Activity: Return the listing below exactly. Leave its pictures out.

Available data:
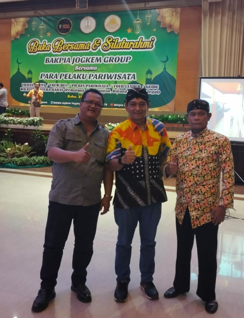 SUNMARINDO.COM (Pemalang)– Bertempat di Regina Hotel Pemalang, Pengusaha Bakpia Jogkem Group menggelar Buka Bersama dan silaturahmi dengan para pelaku wisata, mulai Dari Travel Agent, Crew Bus, PO Bus Pariwisata Tour leader, Guide yang sudah menjadi mitra kerja selama ini di Pantura Barat meliputi Pemalang, Pekalongan, Batang, Brebes dan Tegal, Rabu (29/3/2023).
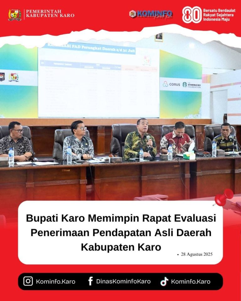 Tanah Karo: Kompasnews.co.id Bupati Karo Brigjen Pol (Purn) Dr.dr. Antonius Ginting, Sp.OG, M.Kes., didampingi oleh Wakil Bupati Karo, Komando Tarigan, S.P., dan PJ. Sekda Karo, Dr. Drs Eddi Surianta Surbakti, Mpd., memimpin Rapat Evaluasi Penerimaan Pendapatan Asli Daerah (PAD) Kabupaten Karo. Rapat ini dilaksanakan pada tanggal 28 Agustus 2025 di Aula Kantor Bupati Karo.
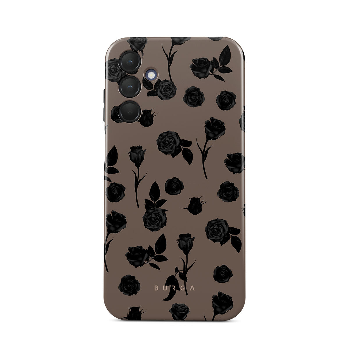 En este diseño: rosas negras, tonos terrosos, detalles florales y flores oscuras.

Result of the task:
 SUNMARINDO.COM (Pemalang)– Bertempat di Regina Hotel Pemalang, Pengusaha Bakpia Jogkem Group menggelar Buka Bersama dan silaturahmi dengan para pelaku wisata, mulai Dari Travel Agent, Crew Bus, PO Bus Pariwisata Tour leader, Guide yang sudah menjadi mitra kerja selama ini di Pantura Barat meliputi Pemalang, Pekalongan, Batang, Brebes dan Tegal, Rabu (29/3/2023).
 Tanah Karo: Kompasnews.co.id Bupati Karo Brigjen Pol (Purn) Dr.dr. Antonius Ginting, Sp.OG, M.Kes., didampingi oleh Wakil Bupati Karo, Komando Tarigan, S.P., dan PJ. Sekda Karo, Dr. Drs Eddi Surianta Surbakti, Mpd., memimpin Rapat Evaluasi Penerimaan Pendapatan Asli Daerah (PAD) Kabupaten Karo. Rapat ini dilaksanakan pada tanggal 28 Agustus 2025 di Aula Kantor Bupati Karo.
 En este diseño: rosas negras, tonos terrosos, detalles florales y flores oscuras.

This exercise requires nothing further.